→ **MATERIAL PROVIDED**:
^^^^^^^^

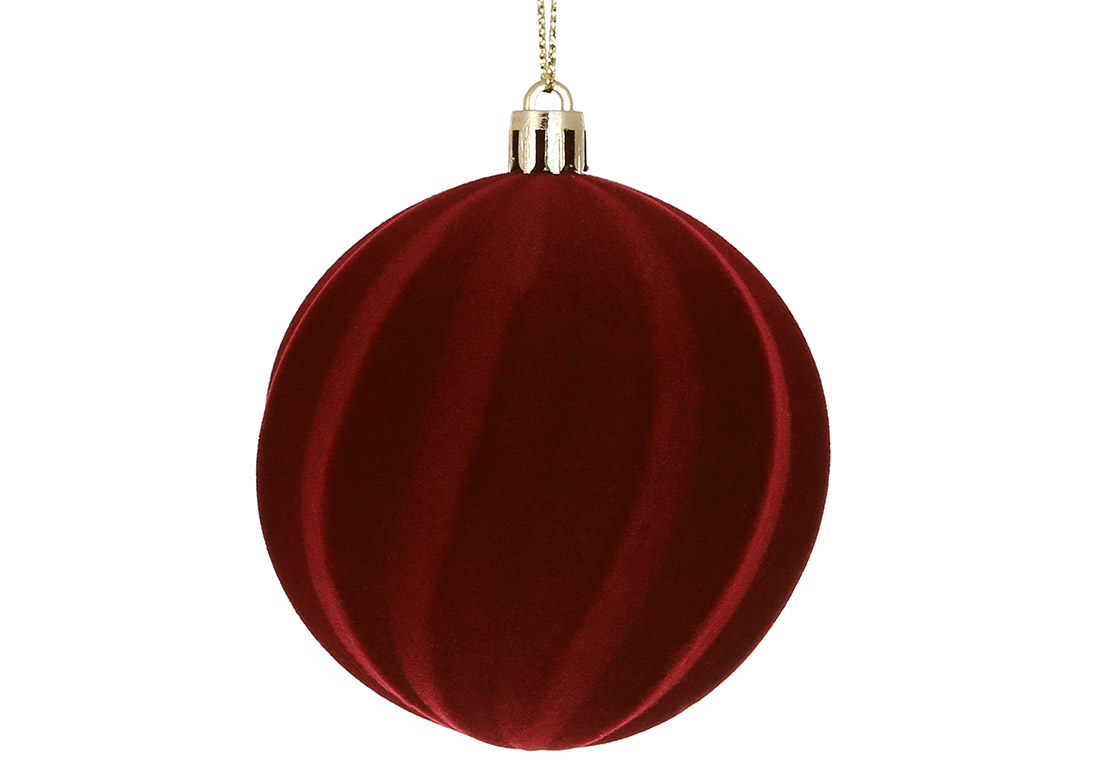 Ялинкова куля витої форми з флоковим напиленням 8см, колір - бургунді J88-131
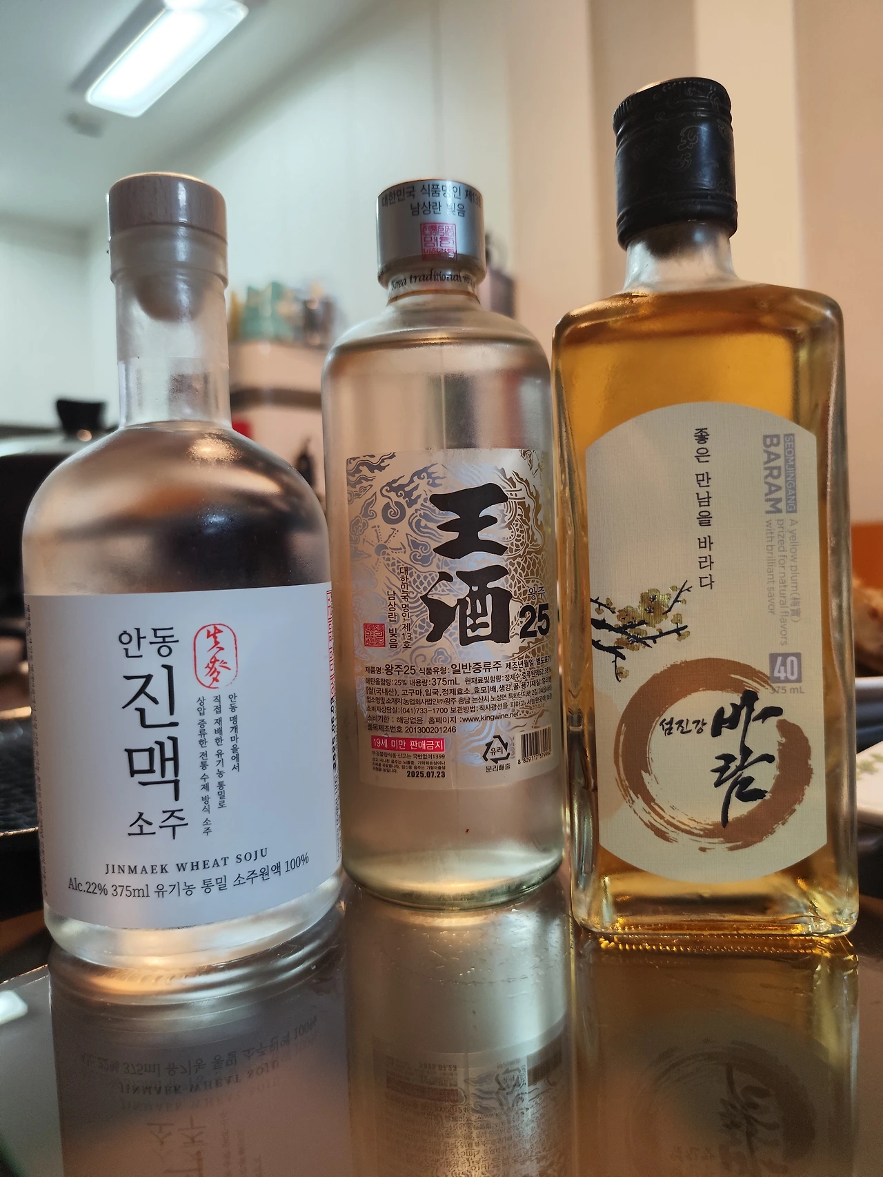 오늘 함께한 우리 전통주는 진맥소주, 왕주, 섬진강 바람입니다. 식전주로 마신 22도의 진맥소주는 우리 가족 입맛에는 심심했습니다. 도수도 너무 낮고 향도 너무 약했다고 할까요 . 너무도 빨리 우리 삼부자의 희생양이 되었습니다.
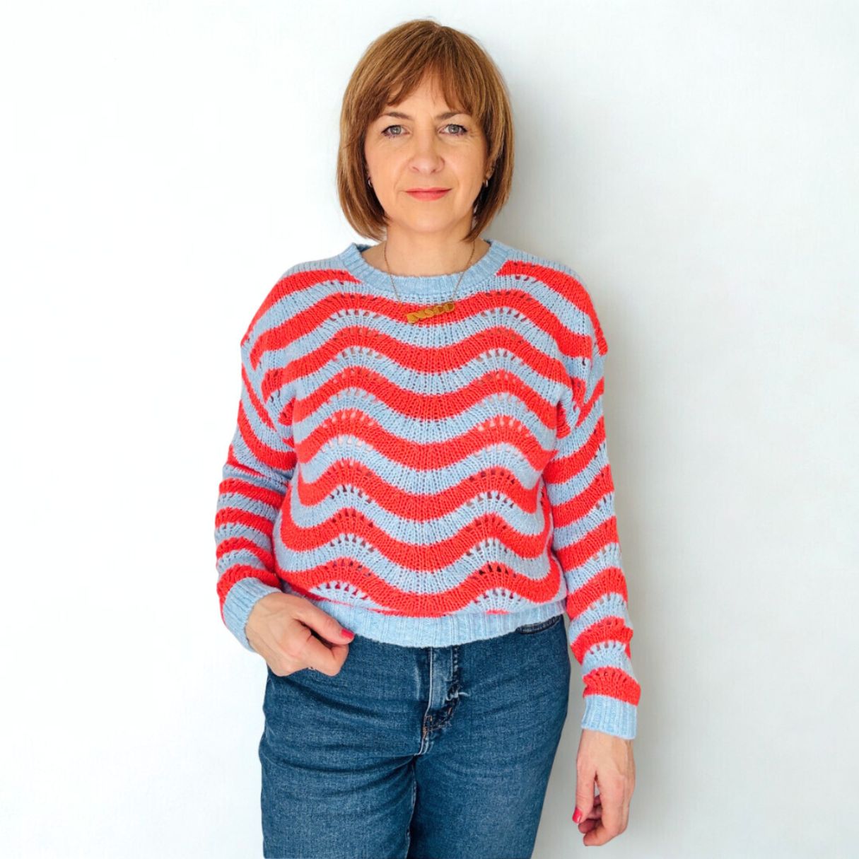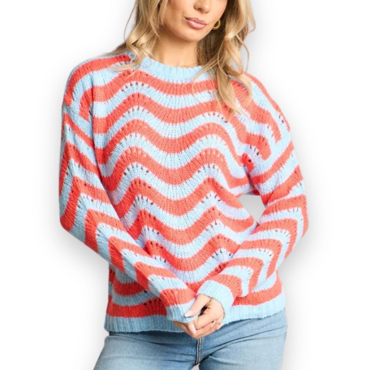 Blue & Orange Zig Zag Knitted Jumper - Limited run.
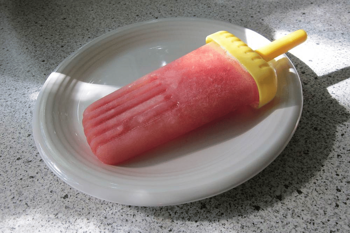 - Pour the plain watermelon purée into a silicon mold or ice cube tray, freeze until solid, then serve.
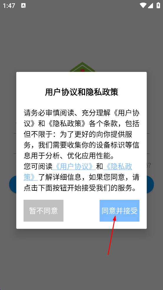 1、打開(kāi)醫(yī)療類(lèi)APP,會(huì)彈出用戶協(xié)議和隱私政策頁(yè)面,仔細(xì)閱讀后點(diǎn)擊同意并接受按鈕。
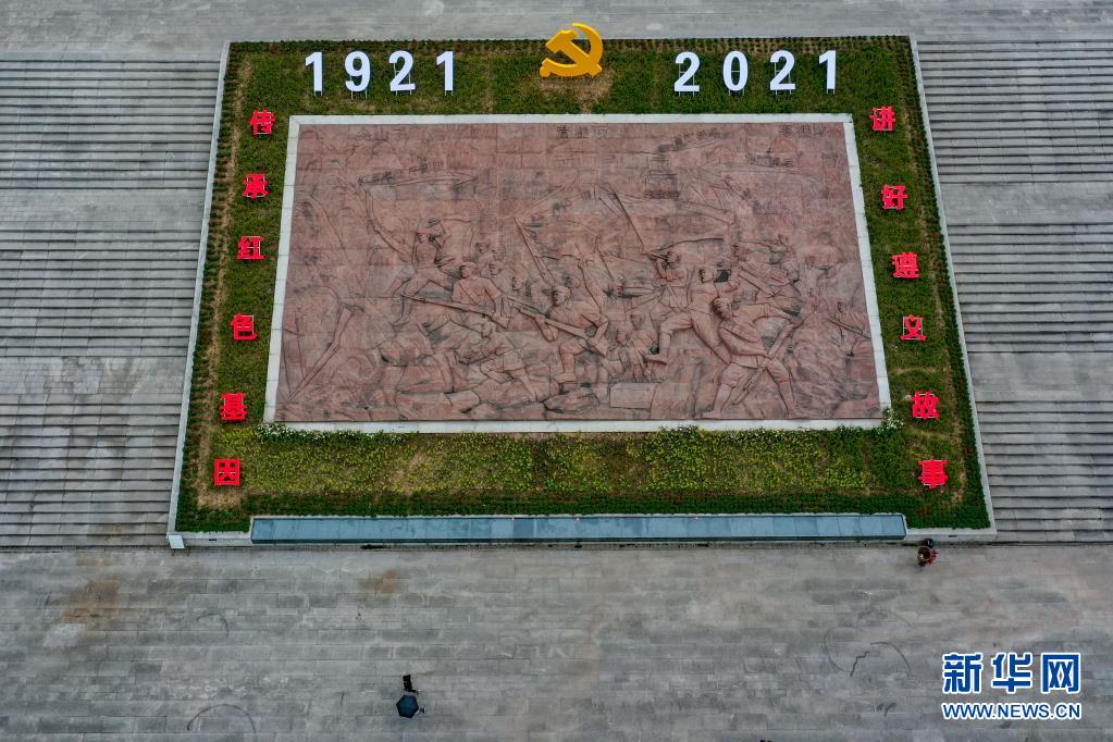 参观者进入位于贵州省遵义市习水县土城镇的四渡赤水纪念馆(2021年4月22日摄,无人机照片)。新华社记者 欧东衢 摄
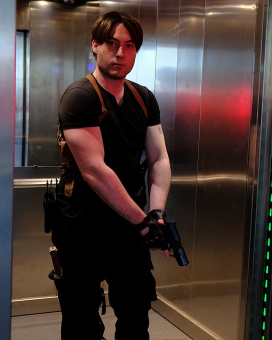 Pictured: Leon Kennedy emerging from the elevator, gun drawn, ready for trouble. Not pictured: The NEC security guard aggressively side-eyeing me for holding up the elevator and getting ready to be that trouble. Photography by Cosplayflame. #RE4remake #cosplay #LeonKennedy
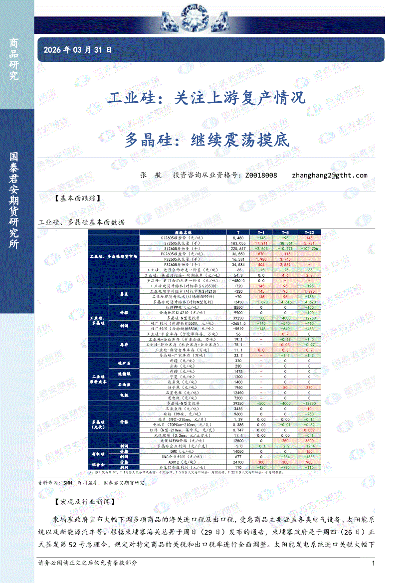 国泰君安期货-工业硅:关注上游复产情况,多晶硅,继续震荡摸底-260331
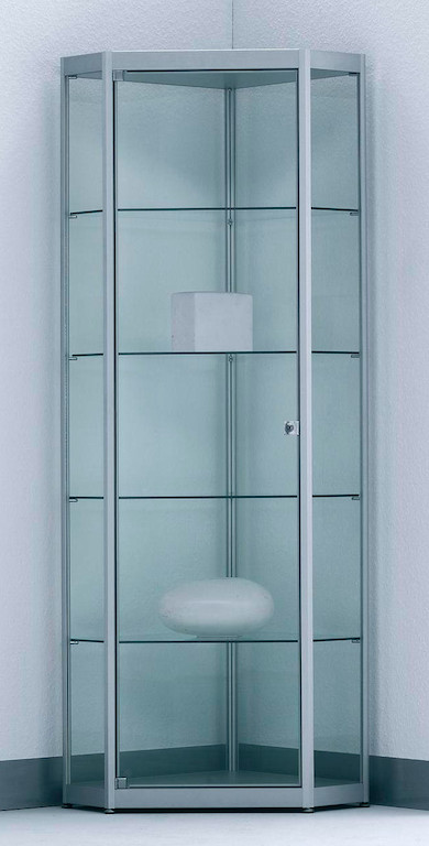 silber eloxiert. Gegen Mehrpreis auch verchromt, im Edelstahlfinish oder RAL-farbbeschichtet erhältlich - Mit 4 höhenverstellbaren Dickglasböden auf Metallfachbodenträgern - auf Wunsch auch durch weitere Böden ergänzbar
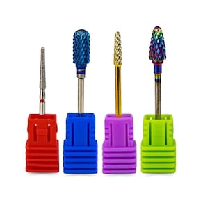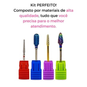 Características principais: - cortes extra finos, finos, médio e grosso; - kit com 4 unidades; - modelo flame s f 720; - modelo f gold umbrella; - modelo c colourful bullet st; - modelo m blue large barrel ball st; - ideal para todas as áreas e processos; - não danifica as unhas naturais; - perfeita para alongamentos de unhas, e acabamentos; - garante precisão; - acabamentos detalhados.

^^^^^^^^

→ **EXERCISE DESCRIPTION**: In your reply, please print exactly the lines from the one with "silber eloxiert. Gegen" through the final line of the listing above, both included, and no pictures.

→ **RESPONSE TO THE TASK**:
 silber eloxiert. Gegen Mehrpreis auch verchromt, im Edelstahlfinish oder RAL-farbbeschichtet erhältlich - Mit 4 höhenverstellbaren Dickglasböden auf Metallfachbodenträgern - auf Wunsch auch durch weitere Böden ergänzbar
 Características principais: - cortes extra finos, finos, médio e grosso; - kit com 4 unidades; - modelo flame s f 720; - modelo f gold umbrella; - modelo c colourful bullet st; - modelo m blue large barrel ball st; - ideal para todas as áreas e processos; - não danifica as unhas naturais; - perfeita para alongamentos de unhas, e acabamentos; - garante precisão; - acabamentos detalhados.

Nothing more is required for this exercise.